As set out in the Existing Investment Policy, the Company may utilise derivatives for efficient portfolio management, in particular engaging in full or partial interest hedging to mitigate the risk of interest rate increases on borrowings. Following the rapid growth of the Company's portfolio since launch, the Board no longer believes it is appropriate to restrict the Company's ability to hedge on a single asset basis, in particular where it may be able to put in place hedging over a broader selection of the portfolio in a more cost effective manner.

The New Investment Policy is set out in Part 3 of this document, on pages 16 to 18 (inclusive), with the proposed amendments shown by blacklining.

If Resolution 1 is passed, Shareholders' prior approval by ordinary resolution would be required for any material future changes to the Company's investment policy including the investment restrictions.

3. RATIONALE FOR THE CANCELLATION

The Board considers that it is important that the Company has the flexibility to pay dividends and make other returns of capital to Shareholders when the Board considers it appropriate and desirable to do so, having regard to the circumstances at the time. Specifically, the proposal regarding the Cancellation will remove the restrictions set out below.

The Act restricts the circumstances in which a company may pay dividends or return funds to its shareholders. In particular, the Act provides that a public company may only pay dividends on its shares out of its accumulated distributable reserves. The Company's capital reserves including its share premium account are non-distributable reserves. However, the Act does permit the Company (subject to the approval of Shareholders and the confirmation of the Court) to cancel its share premium account and to credit the resulting sums to the Company's profit and loss account.

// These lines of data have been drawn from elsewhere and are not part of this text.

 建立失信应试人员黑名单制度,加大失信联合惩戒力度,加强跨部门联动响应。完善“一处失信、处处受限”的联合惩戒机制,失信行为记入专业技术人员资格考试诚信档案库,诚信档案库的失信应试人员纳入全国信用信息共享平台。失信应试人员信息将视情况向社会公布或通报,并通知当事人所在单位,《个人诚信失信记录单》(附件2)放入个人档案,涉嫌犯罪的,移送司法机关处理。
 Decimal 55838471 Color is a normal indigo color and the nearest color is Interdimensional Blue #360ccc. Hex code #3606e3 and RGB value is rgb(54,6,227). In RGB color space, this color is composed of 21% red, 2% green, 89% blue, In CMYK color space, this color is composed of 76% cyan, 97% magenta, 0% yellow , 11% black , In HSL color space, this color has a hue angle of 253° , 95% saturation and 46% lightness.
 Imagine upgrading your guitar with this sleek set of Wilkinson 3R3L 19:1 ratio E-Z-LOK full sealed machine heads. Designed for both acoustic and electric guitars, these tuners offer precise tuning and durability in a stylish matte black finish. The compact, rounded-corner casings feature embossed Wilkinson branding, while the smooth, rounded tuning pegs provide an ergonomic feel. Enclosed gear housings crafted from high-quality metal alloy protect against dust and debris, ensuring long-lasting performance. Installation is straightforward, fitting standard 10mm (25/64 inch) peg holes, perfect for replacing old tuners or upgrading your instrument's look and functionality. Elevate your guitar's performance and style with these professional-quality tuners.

In order to create distributable reserves, the Company is proposing to cancel the prevailing balance on its share premium account.

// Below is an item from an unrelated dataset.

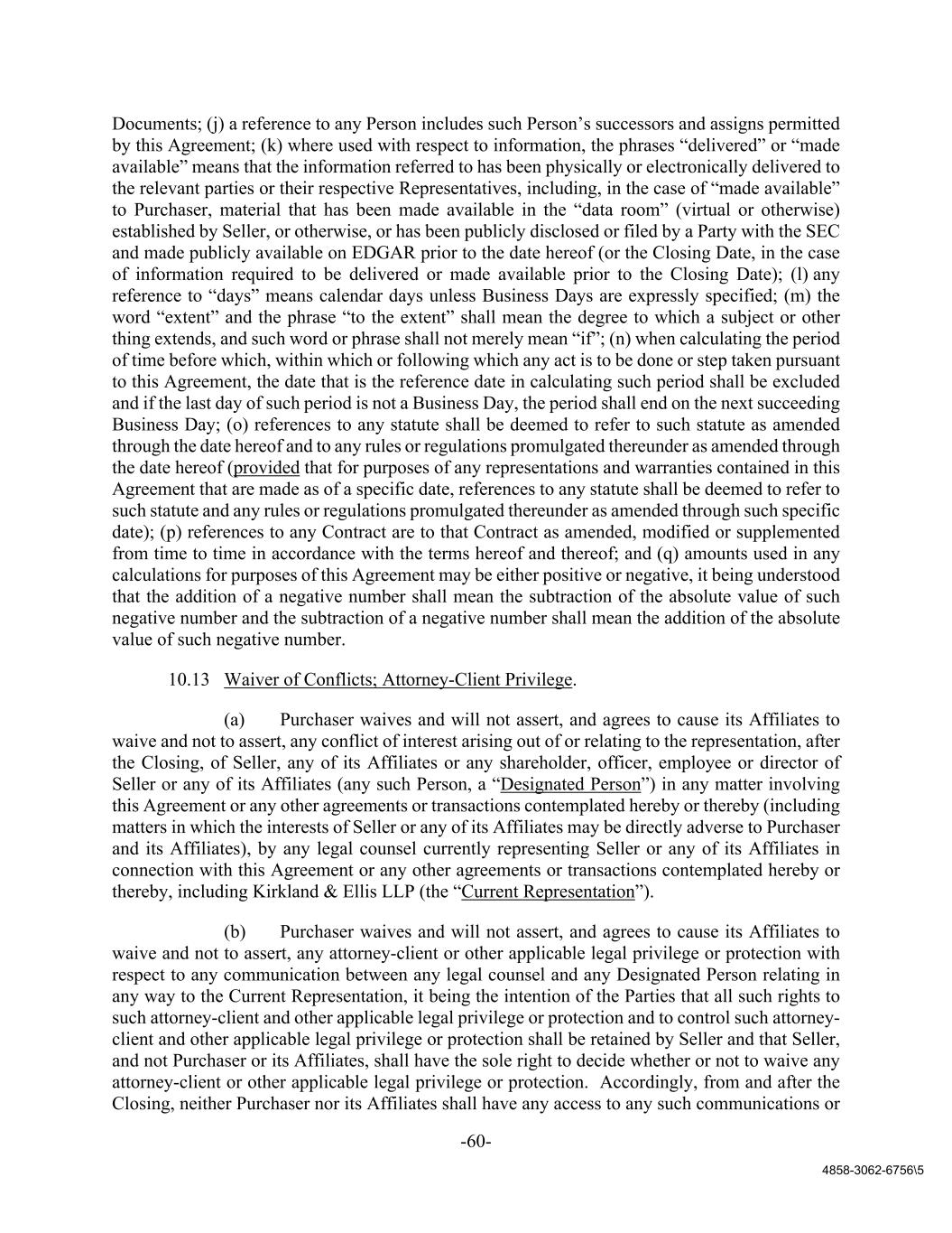 -60- 4858-3062-6756\5 Documents; (j) a reference to any Person includes such Person’s successors and assigns permitted by this Agreement; (k) where used with respect to information, the phrases “delivered” or “made available” means that the information referred to has been physically or electronically delivered to the relevant parties or their respective Representatives, including, in the case of “made available” to Purchaser, material that has been made available in the “data room” (virtual or otherwise) established by Seller, or otherwise, or has been publicly disclosed or filed by a Party with the SEC and made publicly available on EDGAR prior to the date hereof (or the Closing Date, in the case of information required to be delivered or made available prior to the Closing Date); (l) any reference to “days” means calendar days unless Business Days are expressly specified; (m) the word “extent” and the phrase “to the extent” shall mean the degree to which a subject or other thing extends, and such word or phrase shall not merely mean “if”; (n) when calculating the period of time before which, within which or following which any act is to be done or step taken pursuant to this Agreement, the date that is the reference date in calculating such period shall be excluded and if the last day of such period is not a Business Day, the period shall end on the next succeeding Business Day; (o) references to any statute shall be deemed to refer to such statute as amended through the date hereof and to any rules or regulations promulgated thereunder as amended through the date hereof (provided that for purposes of any representations and warranties contained in this Agreement that are made as of a specific date, references to any statute shall be deemed to refer to such statute and any rules or regulations promulgated thereunder as amended through such specific date); (p) references to any Contract are to that Contract as amended, modified or supplemented from time to time in accordance with the terms hereof and thereof; and (q) amounts used in any calculations for purposes of this Agreement may be either positive or negative, it being understood that the addition of a negative number shall mean the subtraction of the absolute value of such negative number and the subtraction of a negative number shall mean the addition of the absolute value of such negative number. 10.13 Waiver of Conflicts; Attorney-Client Privilege. (a) Purchaser waives and will not assert, and agrees to cause its Affiliates to waive and not to assert, any conflict of interest arising out of or relating to the representation, after the Closing, of Seller, any of its Affiliates or any shareholder, officer, employee or director of Seller or any of its Affiliates (any such Person, a “Designated Person”) in any matter involving this Agreement or any other agreements or transactions contemplated hereby or thereby (including matters in which the interests of Seller or any of its Affiliates may be directly adverse to Purchaser and its Affiliates), by any legal counsel currently representing Seller or any of its Affiliates in connection with this Agreement or any other agreements or transactions contemplated hereby or thereby, including Kirkland & Ellis LLP (the “Current Representation”). (b) Purchaser waives and will not assert, and agrees to cause its Affiliates to waive and not to assert, any attorney-client or other applicable legal privilege or protection with respect to any communication between any legal counsel and any Designated Person relating in any way to the Current Representation, it being the intention of the Parties that all such rights to such attorney-client and other applicable legal privilege or protection and to control such attorney- client and other applicable legal privilege or protection shall be retained by Seller and that Seller, and not Purchaser or its Affiliates, shall have the sole right to decide whether or not to waive any attorney-client or other applicable legal privilege or protection. Accordingly, from and after the Closing, neither Purchaser nor its Affiliates shall have any access to any such communications or

The Cancellation requires the passing of resolution 2 as a special resolution of the Company at the Extraordinary General Meeting and the subsequent approval of the Court. If the Cancellation is approved by Shareholders at the Extraordinary General Meeting, the Company intends, as soon as practicable thereafter, to apply to the Court for confirmation of the Cancellation in accordance with the requirements of the Act.

In order to approve the proposed Cancellation, the Court will need to be satisfied that the interests of the creditors of the Company are not prejudiced as a result of the Cancellation. In seeking the confirmation of the Court, the Company may be required by the Court to give such undertakings or other form of protection as the Court may require for the protection of creditors. These may include seeking the consent of the creditors to the reduction of the share premium account and/or the provision by the Company to the Court of an undertaking to treat the reserve arising on the reduction of the share premium account (after the elimination of the deficit on the Company's profit and loss account) as non-distributable until all the creditors at the time of the Reduction have been discharged or have consented to the reserve being distributable or until the Company has deposited a sum of money into a blocked account sufficient to discharge the claims of nonconsenting creditors. However, the terms upon which the Court is willing to confirm the Cancellation are, ultimately, for the Court to determine and the Company will give to the Court such undertakings as it is advised are appropriate.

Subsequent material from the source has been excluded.